Numerous authors include structure as an important topic in organic chemistry [14,15,18,19,21,23,24]. As indicated in Table 1 structure includes the following: molecular structure and bonding, hybridization, single/double/triple bonds, and Lewis structures. All of these are covered in the multiple bond/hybridization questions except Lewis structures.

6.2.1. Question 6 Topic: Propene, CH3CH=CH2

Students need to have prior knowledge of several general chemistry concepts to answer Question 6. For example in “a.” all atoms would not lie in the same plane because there is an sp3 carbon. Choice “b” is an organic chemistry concept that a student might choose because of a lack of prior knowledge. Choice “c” involves acid/base chemistry that students seem to find difficult. Students might incorrectly choose choice “e” because the molecule has a double bond and they associate that with sp2 hybrid orbitals. However, they would have neglected the presence of the CH3- group and sp3 hybrid orbitals. The students were given the molecular formula for propene and not a structural model. If they had taken the time to draw propene, its molecular structure might have helped to demonstrate the number of single/sigma bonds and the sigma bond that is part of the double bond.

6.2.2. Question 7 Topic: Ethene, C2H4

Students need to know about sigma and pi bonds to answer this question correctly. They also need to recognize that ethene is the simplest alkene, and it has two carbons, both of which are sp2 hybridized and therefore have bond angles of 120°. A bond angle of 120° around the two similar carbons results in all of the hydrogens in the same plane. Though the majority of the students answered this question correctly, approximately 34% chose 120° as the correct bond angle. This was a correct response about ethene, but they were to have chosen the incorrect response about ethene’s structure. Ethene was represented by its molecular formula for this question. The students might have been more successful if they had drawn a structural model of ethene.

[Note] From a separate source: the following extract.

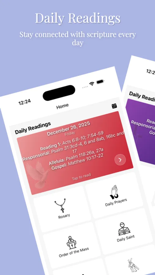 This beautifully designed app helps you grow spiritually every day. Whether you're praying alone or with others, you'll find everything you need to stay rooted in your faith.

6.2.3. Question 12 Topic: Carbon Atoms 1 and 2 Hybridization

The majority of the students answered the question incorrectly. It appears they should have drawn a structural model to show connectivity and demonstrate the number of areas of electron density around the two carbons. Students should know from general chemistry what constitutes sp, sp2, and sp3 hybridization with respect to the structure of simple organic molecules. After the quiz when students are asked if they drew the structure in order to answer the question very few students respond, “yes.” When the structure is drawn for them they admit they could have been more successful on the question.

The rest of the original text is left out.